Distributionally Robust Performative Prediction
This work addresses robustness in performative prediction for ML systems where model deployment affects data, offering a solution to distribution map misspecification, though it is incremental as it builds on existing performative prediction concepts.
The paper tackles the problem of performative prediction where model predictions influence the data distribution, and introduces a distributionally robust framework (DRPO) to handle misspecification in the distribution map, showing provable guarantees and experimental advantages over traditional methods.

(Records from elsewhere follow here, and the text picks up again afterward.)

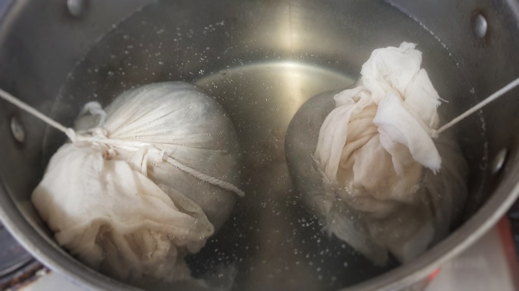 Next day (or next hour) make you puddings. First get a large pot of water on the boil; deep enough for two puddings to cook without touching the base of the pot. Next, cut two pieces of muslin (cheesecloth) into rectangles of around 30 x 60 cm, place in a bowl and pour boiling water over them. When cool enough to handle, remove one and squeeze out excess water. Fold it in half to make a square shape, then lay it in a bowl.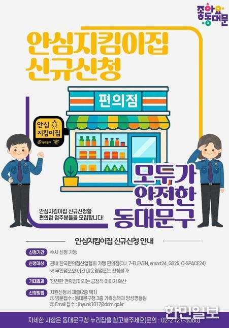 한민일보 서울포커스 임광현 기자 | 서울 동대문구는 여성·아동 등 범죄취약계층을 보호하기 위해 안심지킴이집 신규 지정 확대 사업을 추진한다고 밝혔다.
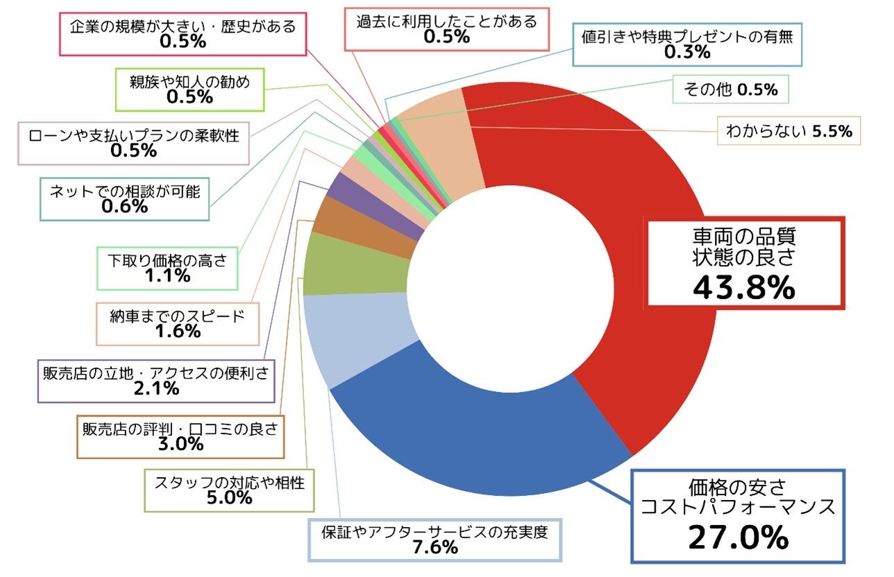車を購入する際に最終的に最も重要な決め手となるものを聞いたところ、「車両の品質・状態の良さ」が43.8%でトップ、「価格の安さ・コストパフォーマンス」が27.0%で続く結果となりました。中古車購入においては、品質と価格が重視されていることがわかりました。

Performative prediction aims to model scenarios where predictive outcomes subsequently influence the very systems they target. The pursuit of a performative optimum (PO) -- minimizing performative risk -- is generally reliant on modeling of the distribution map, which characterizes how a deployed ML model alters the data distribution. Unfortunately, inevitable misspecification of the distribution map can lead to a poor approximation of the true PO. To address this issue, we introduce a novel framework of distributionally robust performative prediction and study a new solution concept termed as distributionally robust performative optimum (DRPO). We show provable guarantees for DRPO as a robust approximation to the true PO when the nominal distribution map is different from the actual one. Moreover, distributionally robust performative prediction can be reformulated as an augmented performative prediction problem, enabling efficient optimization. The experimental results demonstrate that DRPO offers potential advantages over traditional PO approach when the distribution map is misspecified at either micro- or macro-level.